* _Aim of the exercise_
Required from the data below: the exact lines starting at the line containing "young woman in" and ending at the line containing "ja tila pesutornille", with both ends kept and all pictures dropped.

* _Data extract_
——————
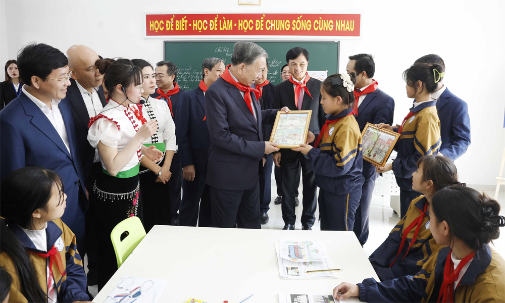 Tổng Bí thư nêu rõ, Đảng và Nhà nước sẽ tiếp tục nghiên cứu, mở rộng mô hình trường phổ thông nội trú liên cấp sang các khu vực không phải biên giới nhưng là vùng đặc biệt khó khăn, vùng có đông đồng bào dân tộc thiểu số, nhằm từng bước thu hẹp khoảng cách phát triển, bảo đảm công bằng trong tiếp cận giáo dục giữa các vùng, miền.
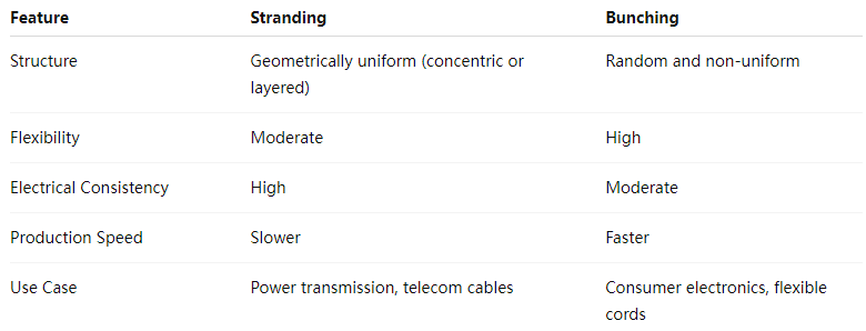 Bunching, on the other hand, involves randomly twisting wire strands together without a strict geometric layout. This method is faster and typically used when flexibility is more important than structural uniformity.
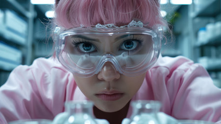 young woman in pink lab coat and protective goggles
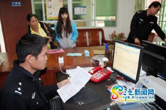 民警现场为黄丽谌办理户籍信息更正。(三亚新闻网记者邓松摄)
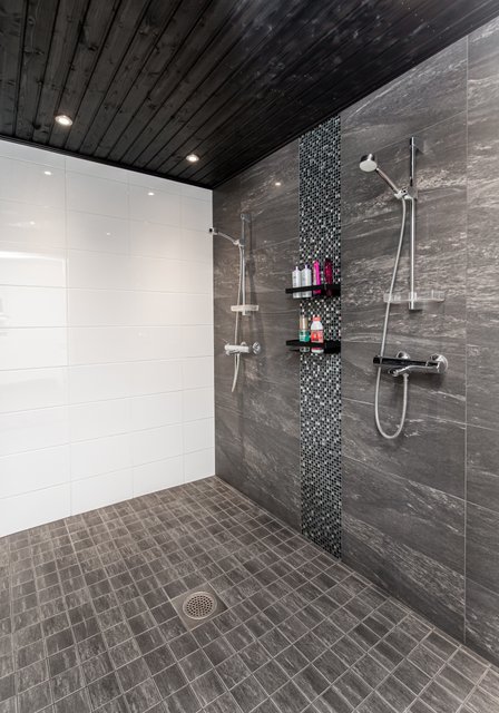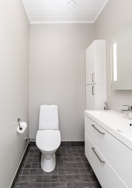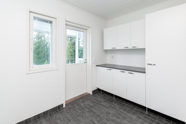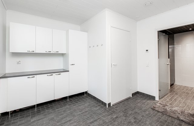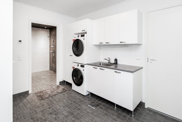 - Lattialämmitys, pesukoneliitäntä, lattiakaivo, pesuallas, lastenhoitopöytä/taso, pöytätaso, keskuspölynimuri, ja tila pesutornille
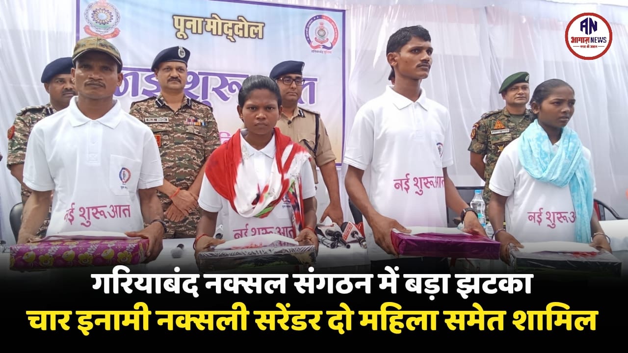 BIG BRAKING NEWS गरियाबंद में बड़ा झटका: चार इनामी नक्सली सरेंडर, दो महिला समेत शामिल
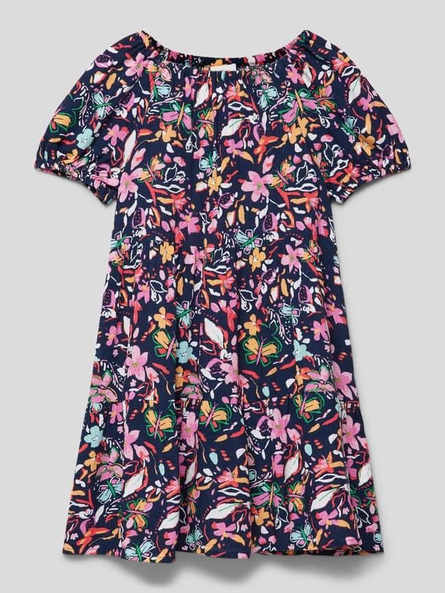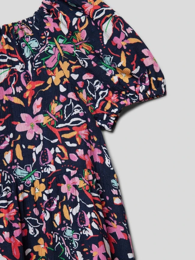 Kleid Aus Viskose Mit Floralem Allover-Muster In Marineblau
——————
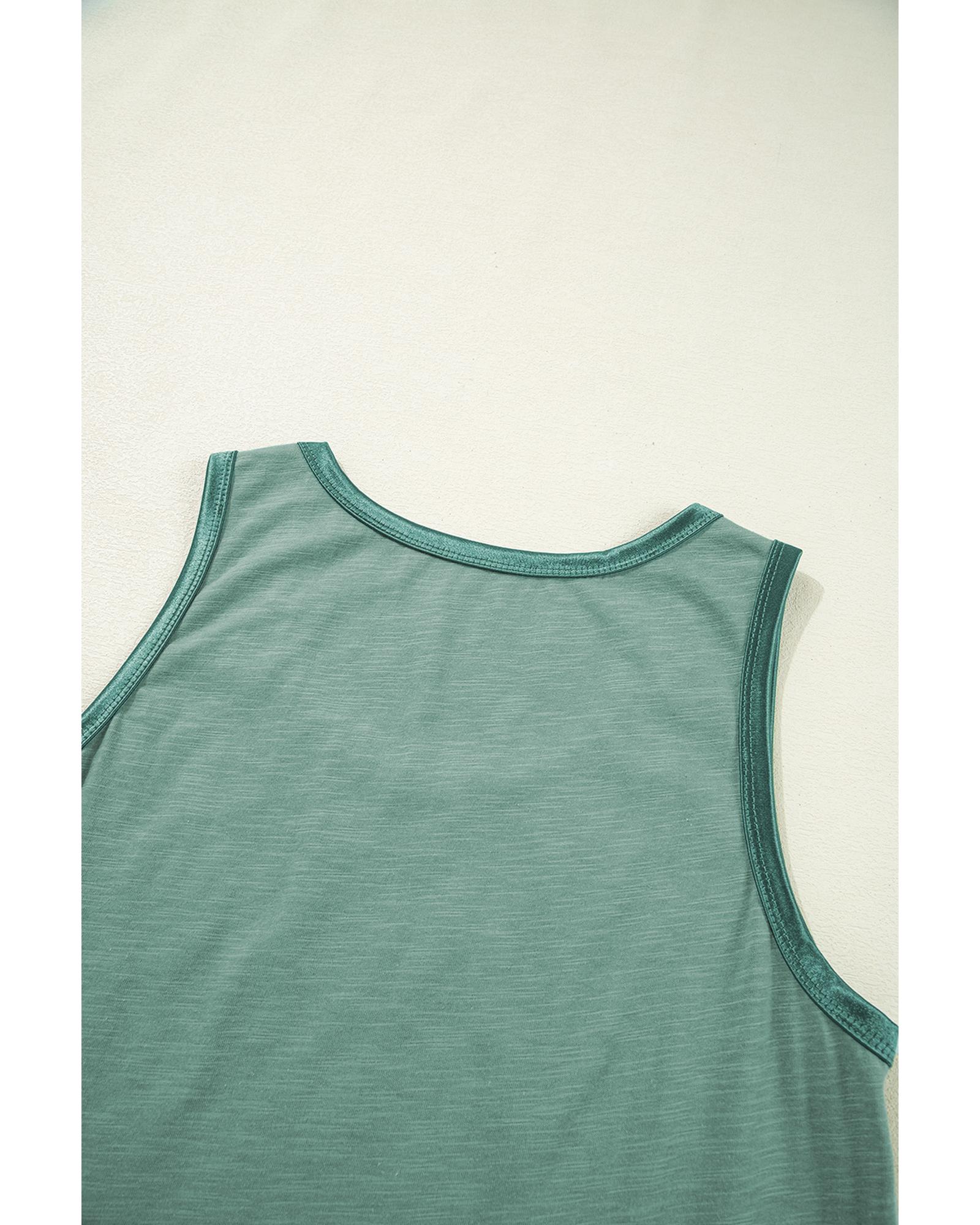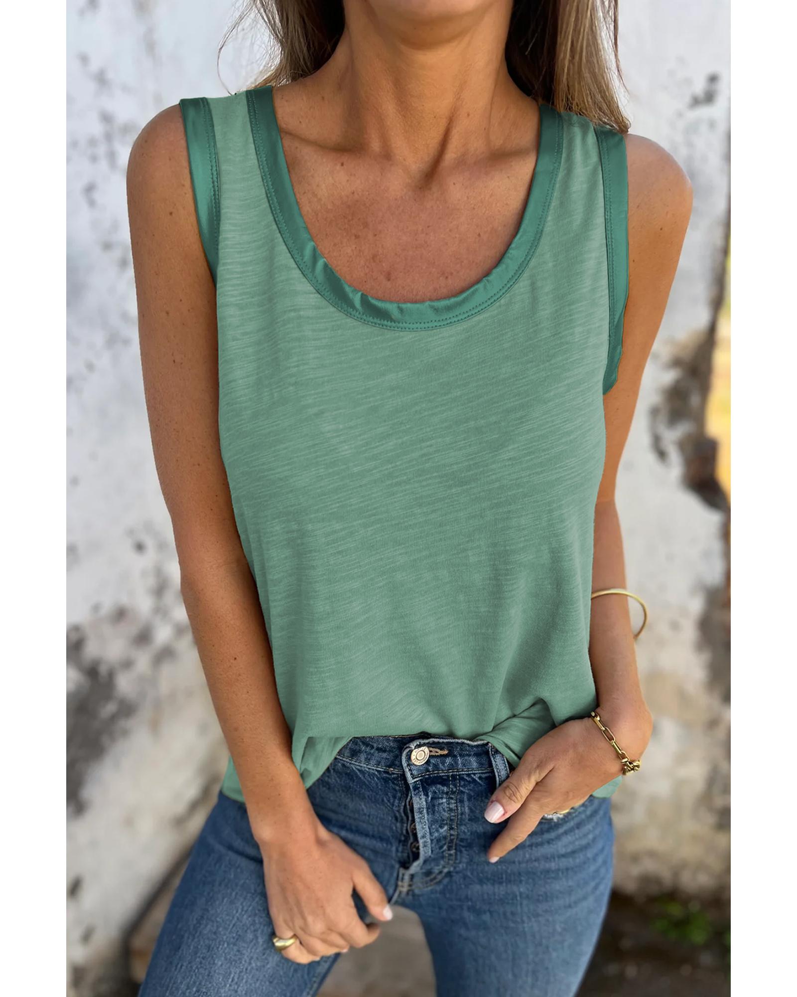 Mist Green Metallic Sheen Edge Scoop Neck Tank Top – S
——————
* _Answer for this exercise_
 young woman in pink lab coat and protective goggles
 民警现场为黄丽谌办理户籍信息更正。(三亚新闻网记者邓松摄)
 - Lattialämmitys, pesukoneliitäntä, lattiakaivo, pesuallas, lastenhoitopöytä/taso, pöytätaso, keskuspölynimuri, ja tila pesutornille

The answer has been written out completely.